Named for Pierpont Edwards, it is the only Pierpont Township statewide.

In 1790, at Buffalo, New York, the Seneca nation, represented by Joseph Brant, ceded their rights east of the Cuyahoga River to the Connecticut Land Company. The community was named after Pierpont Edwards, delegate to the Continental Congress and part owner of the Connecticut Land Company, who bought the land from Connecticut in 1795.

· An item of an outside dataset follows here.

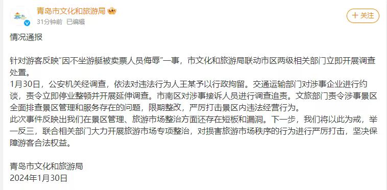 青島市文旅局最新通報(bào):王某行政拘留!涉事企業(yè)停業(yè)整頓!景區(qū)全面排查整改!

In 1798, Vermonter Edward Spear began settlement on lot 18 (on what was afterwards known as the "Beaver Meadows"), about two miles from the head of the east branch of the Ashtabula River. Spear erected the first log house in Pierpont Township (this building was burned by the Indians subsequent to his removal), and the next year (1799) raised the first crop of corn grown in the township. This was on the "Beaver Dam" and the surrounding meadows. Spear lived in this cabin until around 1801, when he took his departure. He was, however, during the early part of his sojourn in Pierpont, married, and fathered a child. This was the first white birth in the township. The date, sex, or subsequent history of this young pioneer is not known. In 1808, the first permanent settlers arrived in the township. They were Wareham Grant, Martin Vosburg, Harry Rockwell, and Ewins Wright. Grant and Vosburg erected their cabins about one mile north of the center. Rockwell built his cabin on lot 21, cleared a small piece of ground, sowed it to wheat, and in 1809, returned to Connecticut for his family.

The cabin of Wright was erected near the center of lot 17. In November 1811, Benjamin Matthews arrived from Washington, Massachusetts, and located temporarily near the cabin of Vosburg; he remained until the December following, when he moved into a cabin which he had in the meantime constructed.

In the summer of 1811, Amos Huntley arrived, selected his land, and made a beginning on lot 42. In the fall he returned to Massachusetts for his family, with whom he arrived the next season. The next settlers were Asa Benjamin, Joseph Dewey, and Samuel Brown. During the summer of 1811, a number of gentlemen came on from Massachusetts, selected their land, and the following year (1812), with their families, occupied these lands, and began business in earnest. Among these settlers were Aaron H. Holmes, Asa Leonard, Shiron Turner, Jepthat Turner, Amos Remington, Abijah Whitton, Archibald Gould, Ezra Cole, Ezekiel Brayman, William Read, Eli Prince, Edson Beals, Ashel Cleveland, Reuben Benjamin, and Zebina Rawson.

Pierpont Township was organized in 1818.

During the American Civil War, Captain Henry Hathaway raised a company of volunteers for the army and marched it to Browers Corners where he resigned the command to Captain Wilber Stevens, who marched it to Jefferson, its place of rendezvous. Soon after, he marched it into the Army, commanding Company B in the 29th Ohio Volunteer Infantry.